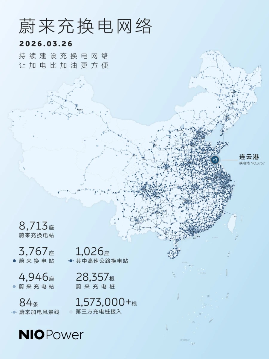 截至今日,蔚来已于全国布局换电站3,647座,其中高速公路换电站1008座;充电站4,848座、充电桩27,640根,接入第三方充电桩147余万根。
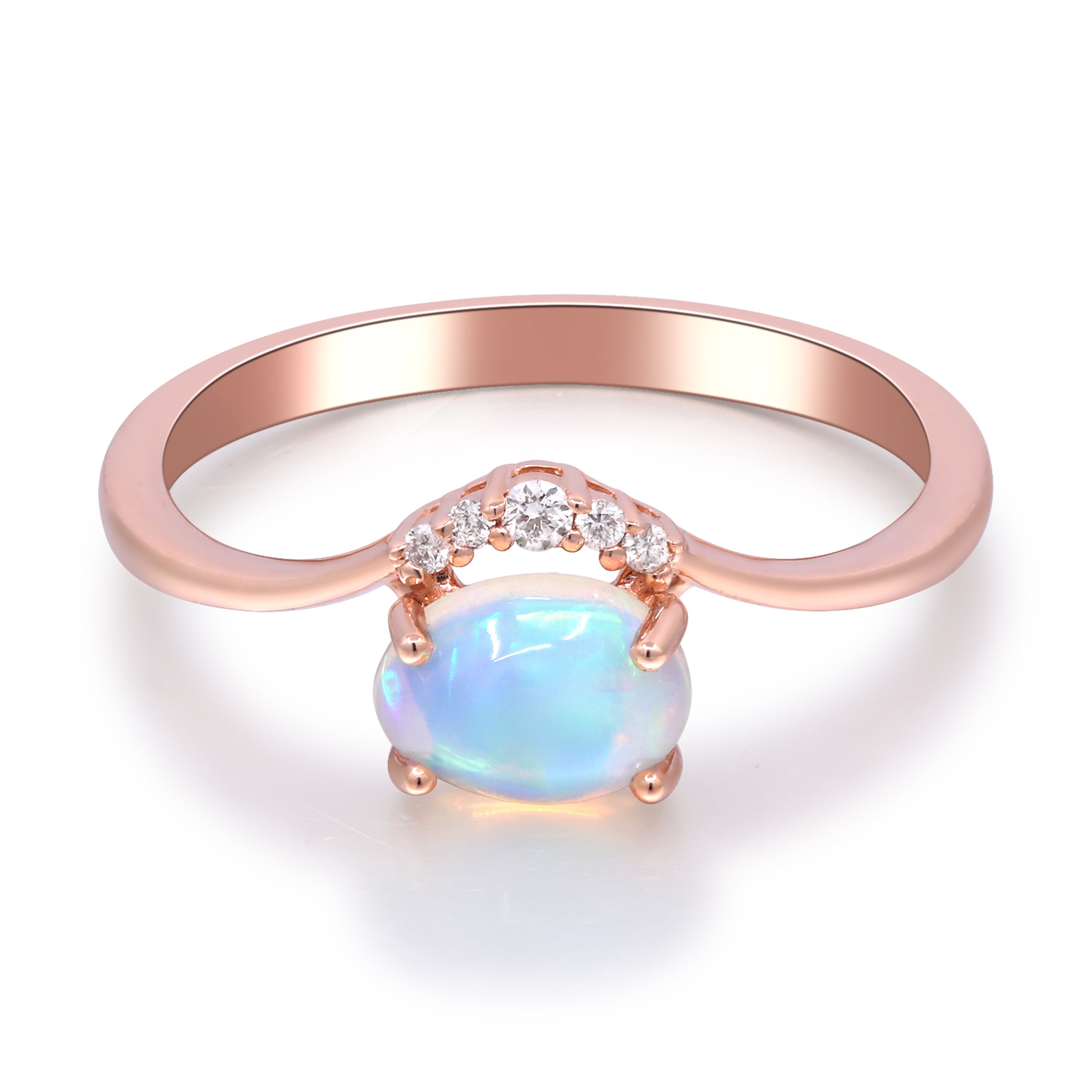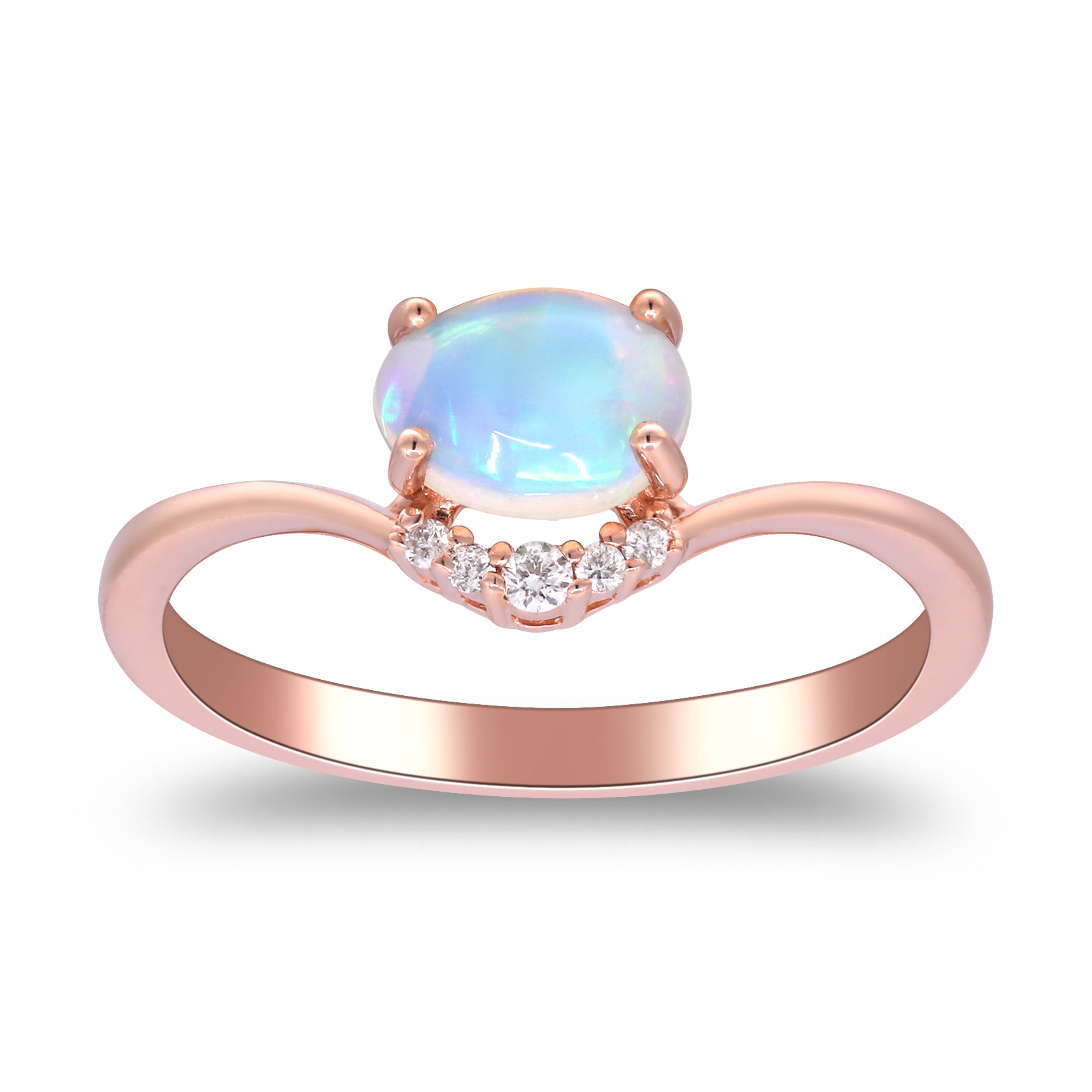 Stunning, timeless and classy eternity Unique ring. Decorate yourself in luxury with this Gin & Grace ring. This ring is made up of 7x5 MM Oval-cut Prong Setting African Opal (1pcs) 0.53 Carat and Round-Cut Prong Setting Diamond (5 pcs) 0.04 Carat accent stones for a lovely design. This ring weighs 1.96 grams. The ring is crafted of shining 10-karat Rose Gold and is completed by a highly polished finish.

--

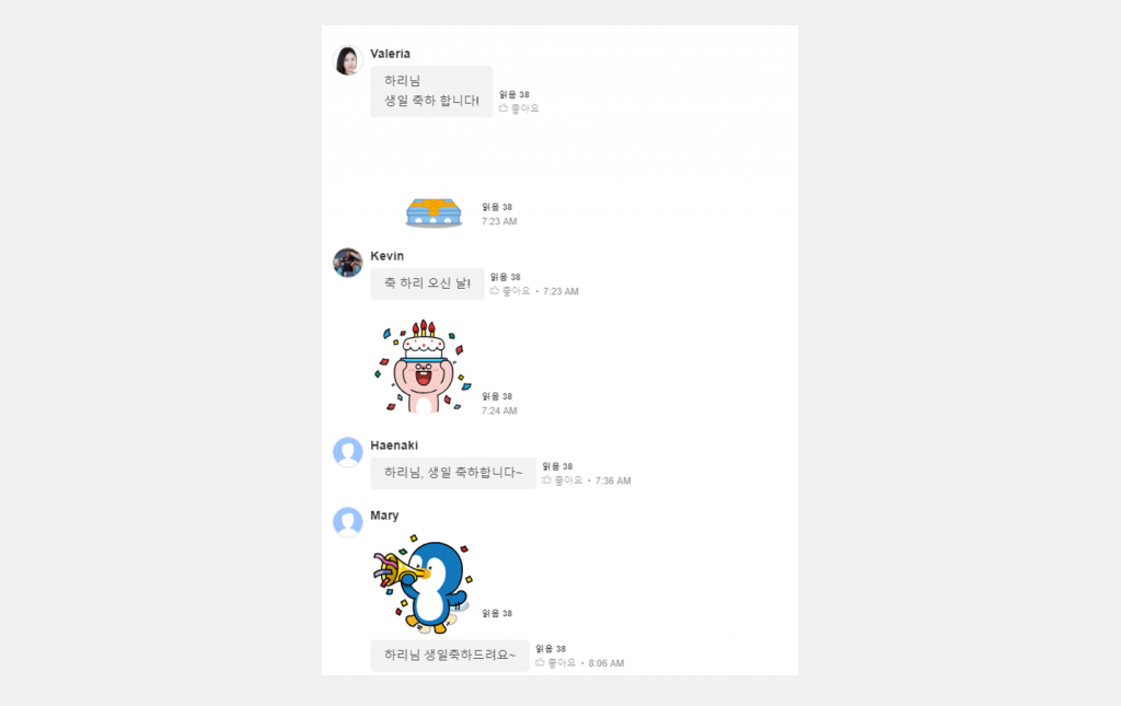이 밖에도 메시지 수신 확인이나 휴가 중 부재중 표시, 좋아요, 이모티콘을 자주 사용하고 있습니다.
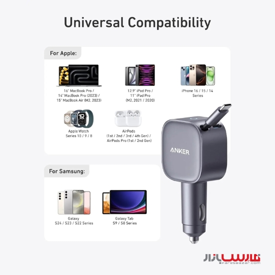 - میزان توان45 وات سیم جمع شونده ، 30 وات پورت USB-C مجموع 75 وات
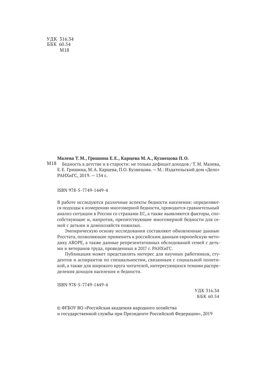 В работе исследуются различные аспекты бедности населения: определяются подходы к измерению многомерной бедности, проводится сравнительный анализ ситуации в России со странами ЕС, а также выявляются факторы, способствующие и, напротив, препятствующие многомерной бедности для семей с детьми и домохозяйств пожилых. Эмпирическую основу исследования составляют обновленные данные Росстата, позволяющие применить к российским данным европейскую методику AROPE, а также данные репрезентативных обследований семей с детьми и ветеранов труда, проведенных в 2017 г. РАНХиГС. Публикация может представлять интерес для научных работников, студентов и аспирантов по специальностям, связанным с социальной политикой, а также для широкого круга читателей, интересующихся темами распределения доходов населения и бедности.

**Work item**
Skipping every picture, transcribe exactly the lines above from the one containing "截至今日,蔚来已于全国布局换" through the one containing "Stunning, timeless and", both included.

**Result of this task**
 截至今日,蔚来已于全国布局换电站3,647座,其中高速公路换电站1008座;充电站4,848座、充电桩27,640根,接入第三方充电桩147余万根。
 Stunning, timeless and classy eternity Unique ring. Decorate yourself in luxury with this Gin & Grace ring. This ring is made up of 7x5 MM Oval-cut Prong Setting African Opal (1pcs) 0.53 Carat and Round-Cut Prong Setting Diamond (5 pcs) 0.04 Carat accent stones for a lovely design. This ring weighs 1.96 grams. The ring is crafted of shining 10-karat Rose Gold and is completed by a highly polished finish.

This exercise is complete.